“Why should I? You haven’t stopped to consider me?” Clara retorted, frost in her tones. “But it doesn’t matter. Please say what you wish. I am interested in this story. I began it on the train and I’m anxious to finish it tonight. I shan’t have time to-morrow.”
“Oh, bother your old story!” Julia exclaimed. “You are simply peeved. The story I have to tell you is a good deal more interesting than the one you’re reading. I have just heard the true story of Leslie Cairns. What do you think of that?” Julia was full of malicious elation.
“True story?” Clara returned interrogatively. She refused to let curiosity interfere with her miffed assumption of dignity.
“Yes, the true story of how she led the girls she chummed with into a hazing party and then tried to lay the whole thing to them so as to save herself from being expelled. That’s the sort of person she is.”
“I suppose Mildred Ferguson told you all this,” Clara said coolly. “Where did she find out so much? How do you know what she says is true?”
“She found out about Miss Cairns from a cousin. The cousin was one of the girls who chummed with Miss Cairns, and who was with the hazing party. I believe every word of what she told me.” Julia crested her head in displeased defiance of Clara.

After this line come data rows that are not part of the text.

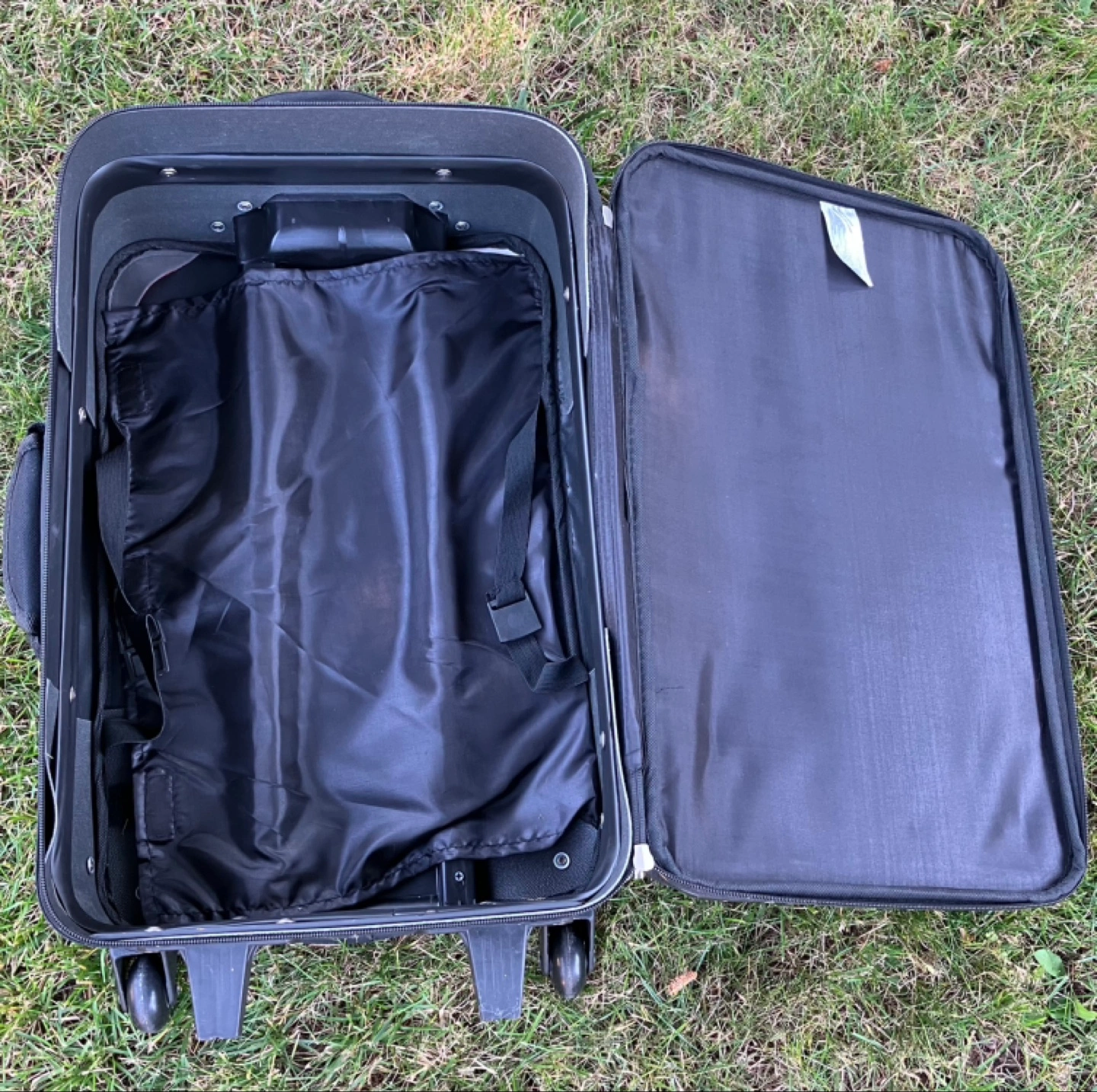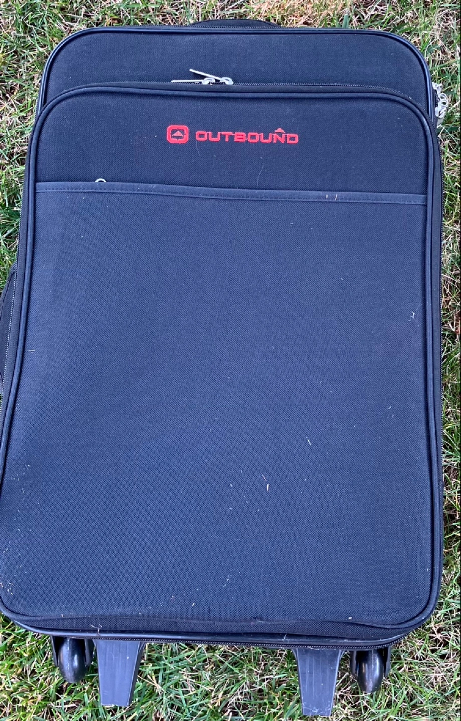 - Black Outbound carry-on suitcase with wheels and a handle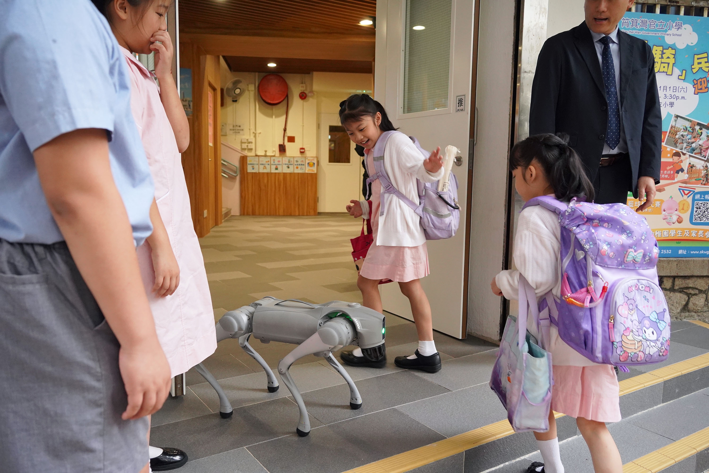 今天(11月4日)學校門外十分熱鬧,我們的新成員-「AI機械狗」走出校門迎接學生回校,開展愉快學習的一天。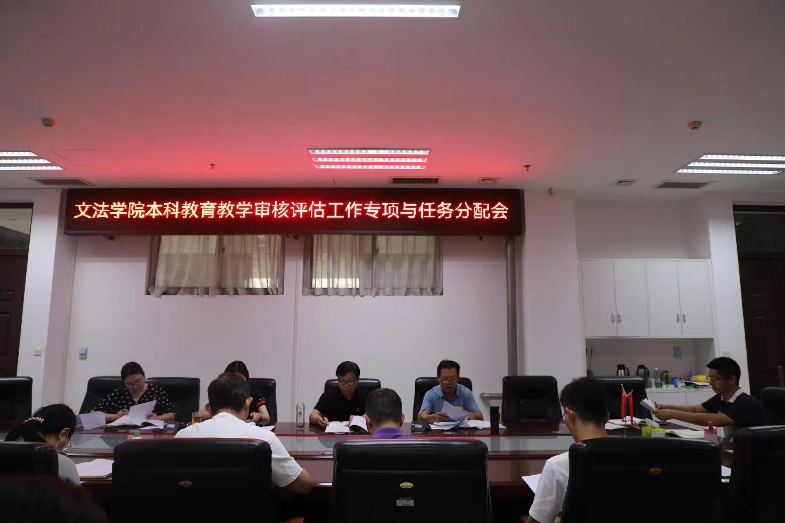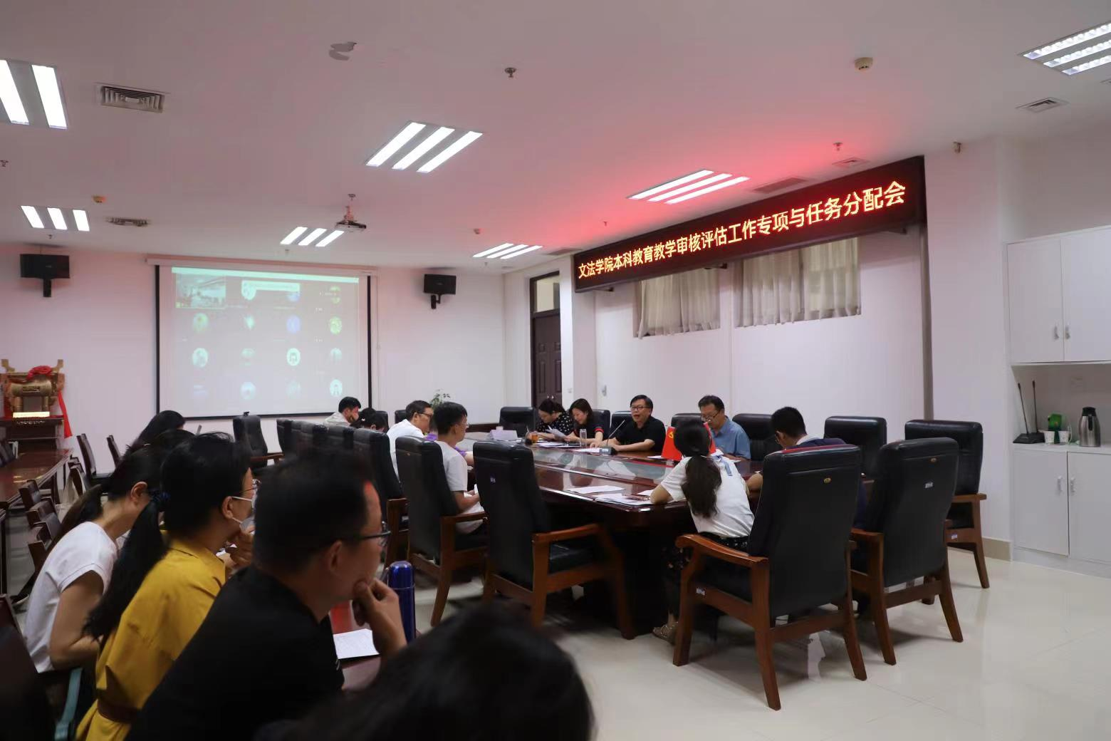 在繁塔楼A座310会议室召开本科教育教学审核评估工作专项与任务分配会,学院领导班子和全体专项工作组成员参加会议。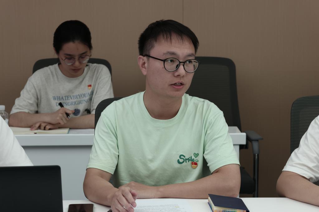 支部党员代表回溯百年党史,从中国共产党人的精神谱系中攫取璀璨星光,在前辈事迹中寻找强化作风建设、凝聚奋进之力的精神源泉。叶鹏讲述无锡籍“两弹一星”元勋姚桐斌在国家需要时挺膺担当、在一穷二白中奋进作为的故事,分享“两弹一星”精神的内涵;陆宇阳讲述“抓斗大王”包起帆用双手改写中国港口历史的故事,分享“劳模精神”的内涵,鼓励支部党员爱岗敬业、担当作为,用匠心赢得未来;郑兴讲述袁隆平院士用一粒种子改变世界的故事,分享科学家们服务国家需要、攀登科学高峰的伟大精神。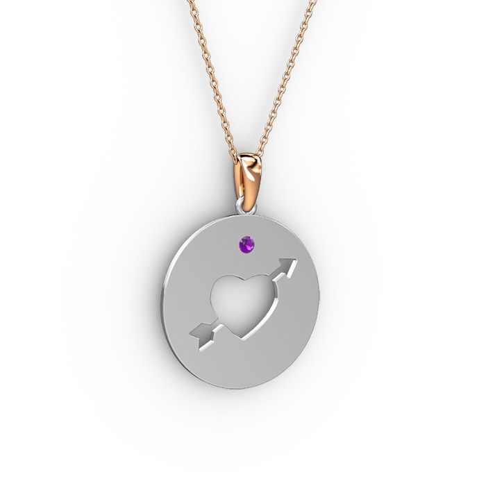 Ametist 18 ayar beyaz altın kolye (40 cm rose altın rolo zincir)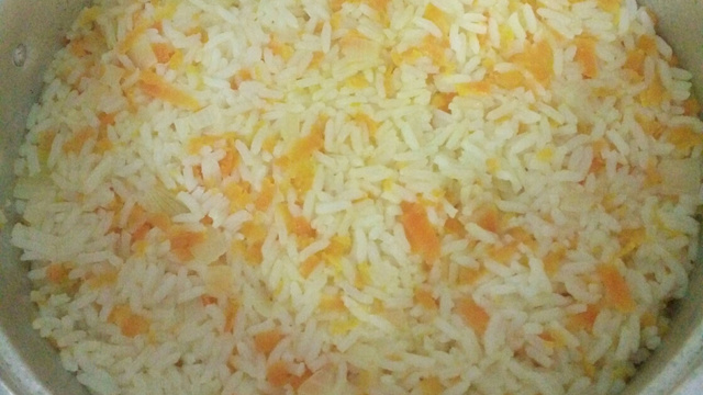 2 copos de 150 ml de arroz parboilizado (cozido e escorido com sal a gosto)

“Mm-m.” Clara unbent a trifle. “Who is her cousin? When did she hear about Miss Cairns? Off the campus, I believe. I’ve never found anyone on the campus who knew the rights of that hazing business. They say Miss Dean knows. She ought to, since she was the student those girls hazed. She’d never tell anyone a word about it, though.”
“She may keep her information,” shrugged Julia scornfully. “I know more about it now, perhaps, than she does. I mean, I know the Cairns side of it. You see Mildred’s cousin is a very rich girl named Dulcie Vale. She is a society favorite, but she was a senior at Hamilton when it all happened.”
“Then she must have been expelled from Hamilton, too.” Clara put in half contemptuously. “All those San Soucians were expelled.”
“She was not,” Julia emphasized, frowning. “She left Hamilton before it happened because she knew that Leslie Cairns had betrayed the whole crowd of girls by being too confidential with another student named Miss Walbert, who was noted on the campus as a tale-bearer and gossip.”